Please repeat, exactly as written, every line from the one containing "Мягкая, очень вместительная, яркая" through the last line of the records, both included, and leave out any pictures.

*** Begin section ***

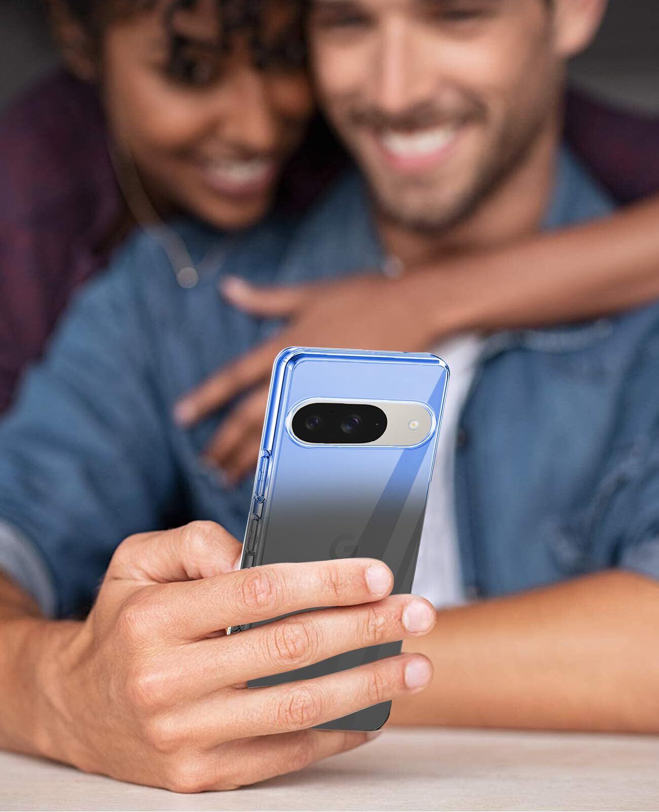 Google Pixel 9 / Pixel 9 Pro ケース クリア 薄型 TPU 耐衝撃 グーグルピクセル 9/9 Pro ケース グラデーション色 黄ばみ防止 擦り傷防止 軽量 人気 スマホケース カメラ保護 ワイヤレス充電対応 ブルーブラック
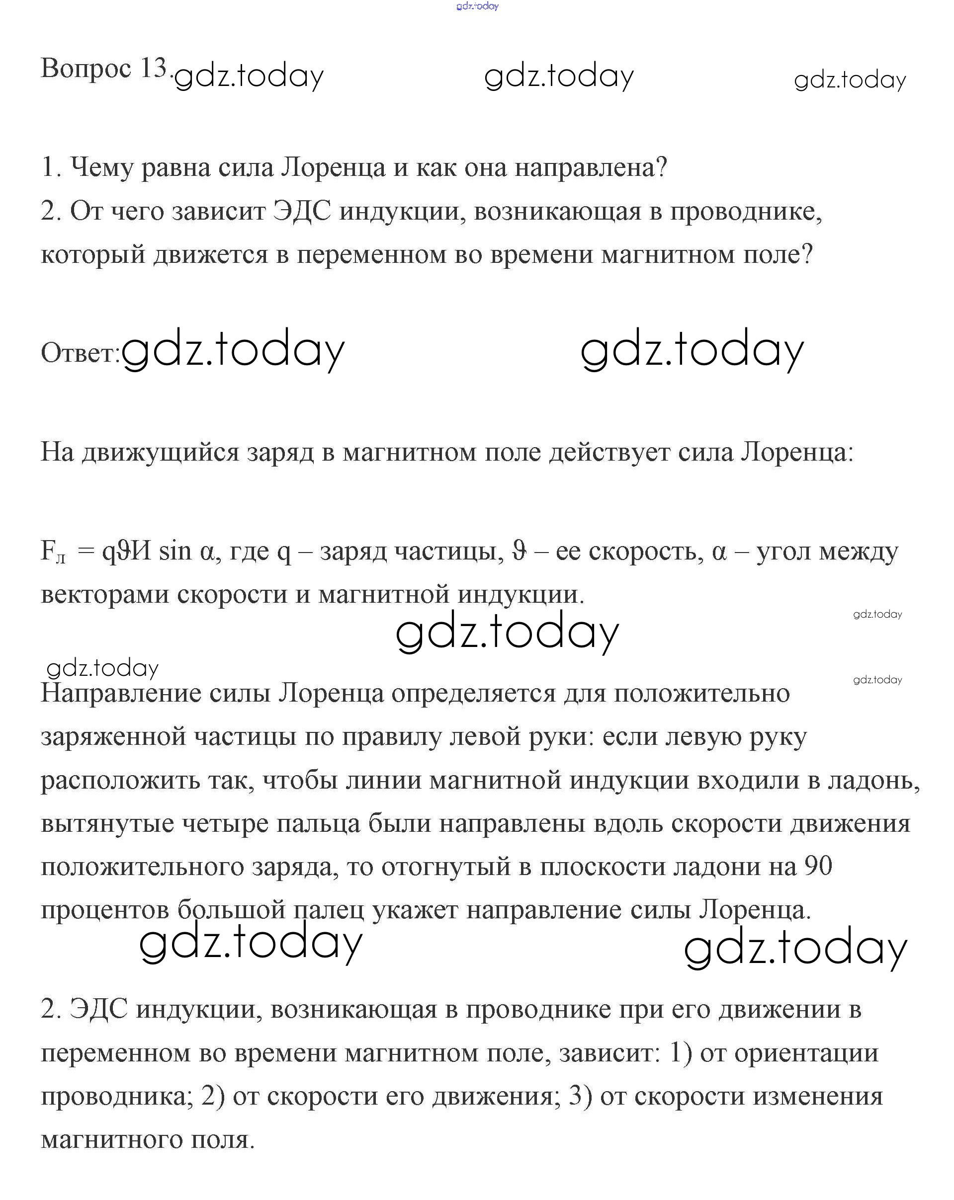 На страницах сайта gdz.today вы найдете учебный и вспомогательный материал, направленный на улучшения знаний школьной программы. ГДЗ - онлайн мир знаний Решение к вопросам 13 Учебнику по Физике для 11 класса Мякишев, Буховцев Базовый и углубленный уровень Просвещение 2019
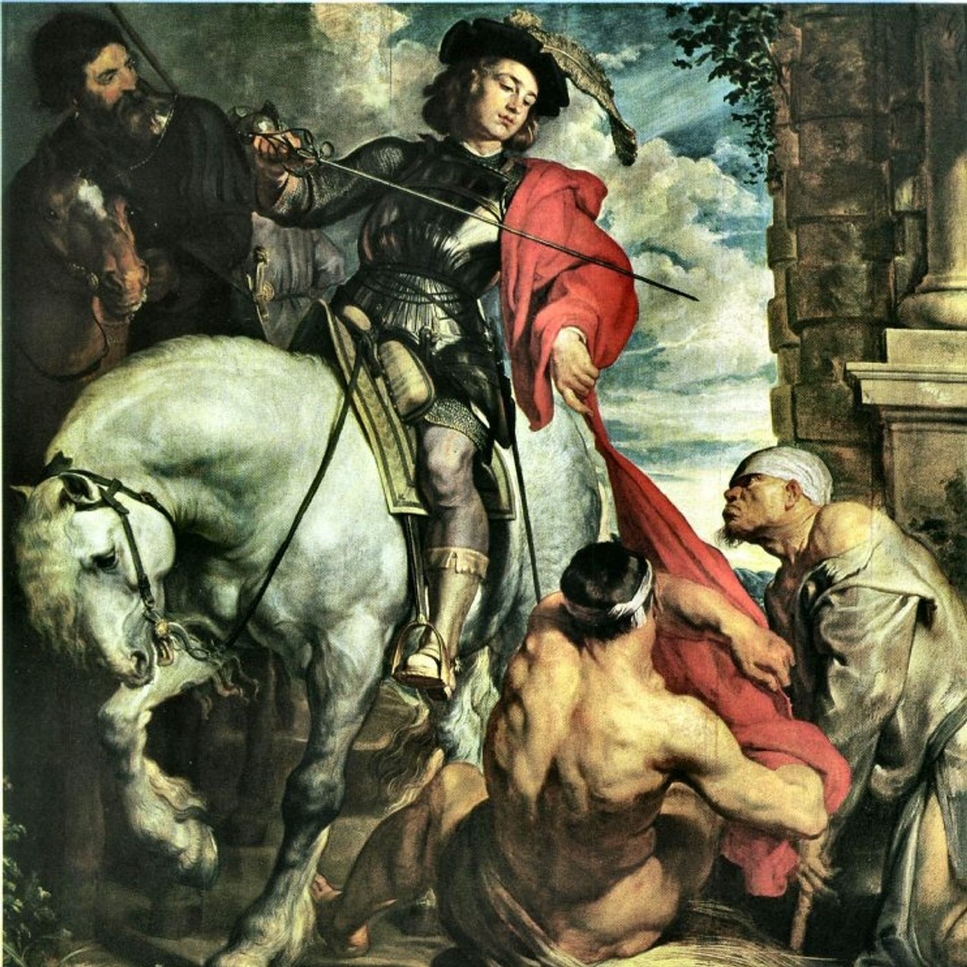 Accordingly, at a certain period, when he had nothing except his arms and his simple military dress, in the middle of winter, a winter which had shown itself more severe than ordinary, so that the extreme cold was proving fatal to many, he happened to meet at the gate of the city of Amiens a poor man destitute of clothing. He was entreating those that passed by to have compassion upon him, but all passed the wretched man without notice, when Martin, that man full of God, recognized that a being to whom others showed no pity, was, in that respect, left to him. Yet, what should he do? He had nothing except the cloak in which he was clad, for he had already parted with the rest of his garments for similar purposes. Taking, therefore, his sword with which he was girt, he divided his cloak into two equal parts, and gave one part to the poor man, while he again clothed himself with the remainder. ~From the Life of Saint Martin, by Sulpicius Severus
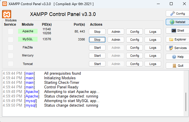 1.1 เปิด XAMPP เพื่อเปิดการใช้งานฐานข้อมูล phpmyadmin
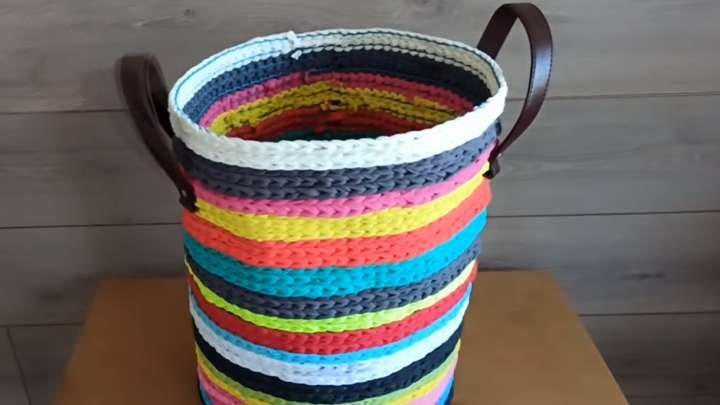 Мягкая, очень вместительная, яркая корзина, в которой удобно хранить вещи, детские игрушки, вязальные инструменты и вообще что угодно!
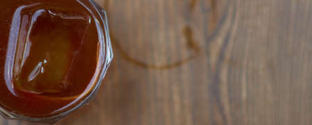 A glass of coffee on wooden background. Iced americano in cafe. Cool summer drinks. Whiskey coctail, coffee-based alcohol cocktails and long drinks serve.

*** End section ***

# [Answer to this task]
 Мягкая, очень вместительная, яркая корзина, в которой удобно хранить вещи, детские игрушки, вязальные инструменты и вообще что угодно!
 A glass of coffee on wooden background. Iced americano in cafe. Cool summer drinks. Whiskey coctail, coffee-based alcohol cocktails and long drinks serve.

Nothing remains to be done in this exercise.